Tennessee Brewery Beer Garden Opens Thursday 

The Revival event celebrates the historic brewery with craft beer, art, and live music.

Last spring, a group of friends and business partners threw a two-month-long party in the rustic courtyard of the long-vacant Tennessee Brewery with one mission (okay, two missions) — to save the threatened building from demolition (and to sell craft beer).

Untapped was so successful that it's making a comeback this week as The Revival. The beer garden will be open in the old brewery every Thursday through Sunday from April 9th to May 31st.

But this go-round is less about saving the building and more about celebrating the fact that the brewery will soon see new life. Shortly after Untapped ended last year, cell phone tower developer/Shelby County Schools board member Billy Orgel stepped up and purchased the former Goldcrest 51 beer factory. He plans to renovate the building and turn it into apartments.

click to enlarge flyby_revival.jpg

But his son Benjamin Orgel, a Memphian who recently graduated from the University of Texas, thought there should be one last big party in the brewery before construction begins. So he enlisted the help of his friends Logan Scheidt and Paul Stephens, also recent college grads, and the three are bringing back the spring pop-up party, complete with 22 beer taps, rotating food trucks, live music, live artist demonstrations, and more.

"When I got back to Memphis from Austin, I said, 'I want to do something to help the city.' I love Memphis and everything about it," Benjamin said. "This was the perfect opportunity. Yes, it's a business, and we're selling beer. But more than that, this is about community."

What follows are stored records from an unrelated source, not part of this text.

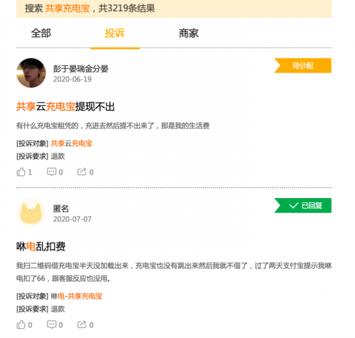 同时,广告虽然只占0.5%的收入,但是却影响了整个共享充电宝的使用体验,引来用户的吐槽。打开大部分共享充电宝的小程序,都会看见满屏的弹出广告,好多底部也是广告栏。根据黑猫投诉网站显示的数据,共享充电宝相关的投诉超过了3000条,包括使用体验差、乱扣费以及客服不作为等。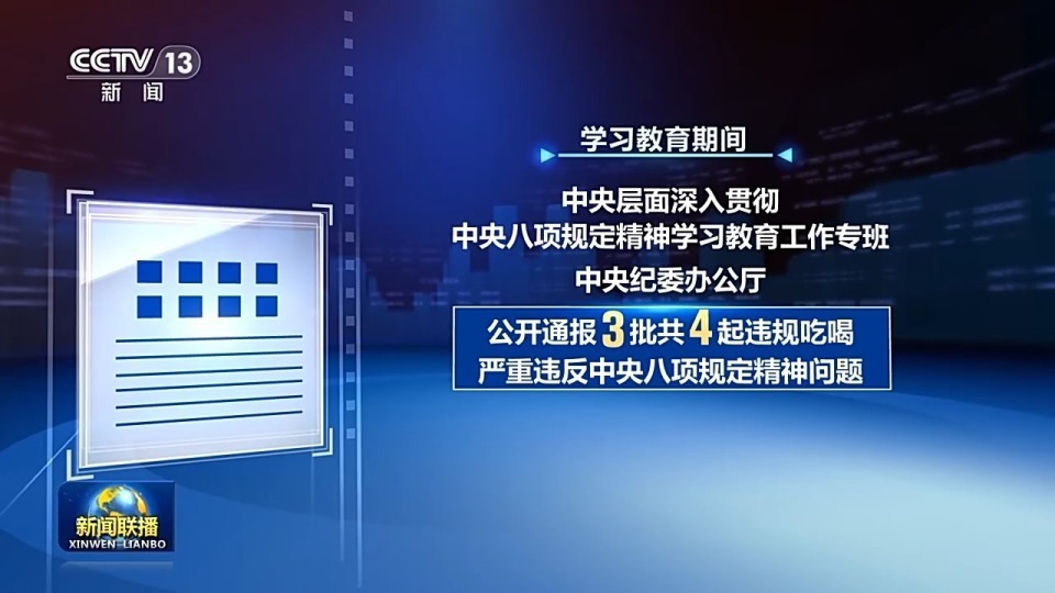学习教育期间,中央层面深入贯彻中央八项规定精神学习教育工作专班、中央纪委办公厅公开通报3批共4起违规吃喝严重违反中央八项规定精神问题,形成强大震慑。
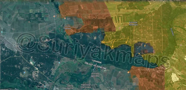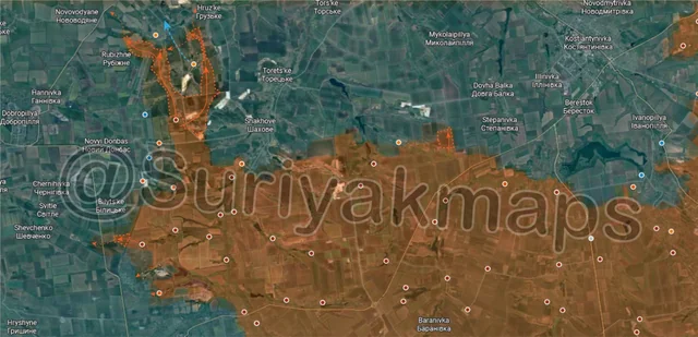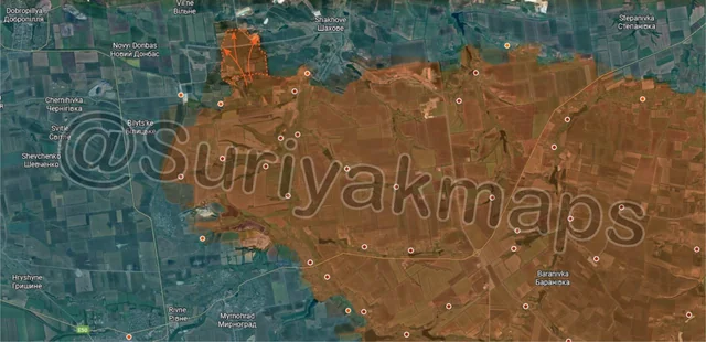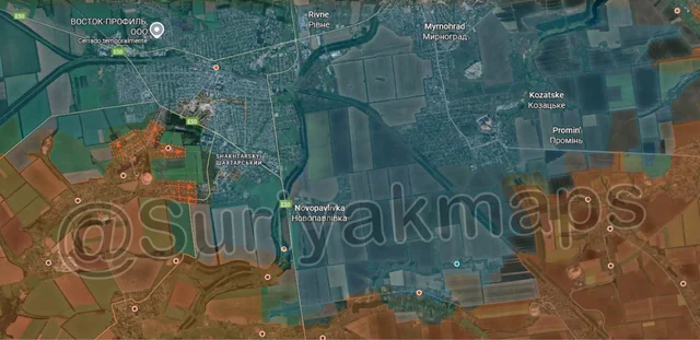 A little to the southeast, another set of Russian assaults groups has begun their assault on the mine east of Myrnohrad, moving up the treelines from Novoekonomichne. They have secured a foothold and are clashing with the Ukrainians are they try to capture the entire mine complex.

Although The Revival will be very similar to last year's Untapped event, Benjamin said they've stepped it up a bit for round two.

"Last year, the event was so successful because it was in a building that needed to be saved. People were saying, 'Buy this building.' So we did, and we understand that means we had to make some improvements," Benjamin said.

Those improvements include turning the courtyard beer garden into an actual garden filled with greenery from Pettit's Lawnscapes. They're also opening up the indoor staircase room, which was sealed off last year. In that room, which they're calling the Atrium, artists will hold live painting demonstrations. There will also be a piano in that room that anyone can play.

The iconic "Invest in Good Times" graffiti (known as Professor Catfish) on the outside of the brewery has moved inside for photo-ops, and a large window stands in its place so patrons can look out over Tennessee Street from inside the building.

Perhaps, most importantly, last year's festival-style porta-potties will be replaced with portable restroom trailers with running water.

There will be two bars this year — one inside and one outside — and 22 taps, many of which will dispense local beers. Historian Kenn Flemmons, who wrote a book on the brewery's history, has recreated Goldcrest 51 beer using the original recipe, and it will be served at the event. Memphis Made has created a specialty American Pale Ale just for Untapped: Revival called Luke McLuke.

"John Schorr, who owned the brewery, also loved horseracing, and Luke McLuke was his horse that won the Belmont Stakes," said Doug Carpenter, who is handling marketing for Untapped: Revival.

Carpenter was one of four partners who put on the original Untapped last year. The other three — Taylor Berger, Andy Cates, and Michael Tauer — are not involved in this year's event.

Craig Blondis from Central BBQ is handling the food and beverage operations this year. There will be two food trucks parked inside the courtyard daily, as well as some specialty carts.

To appease South Bluffs neighbors, all live music will be acoustic. Acts will be featured on Saturday and Sunday between 3 and 7 p.m.

Untapped: Revival will be open Thursdays from 11 a.m. to 9 p.m.; Fridays and Saturdays from 11 a.m. to 11 p.m.; and Sundays from 11 a.m. to 9 p.m.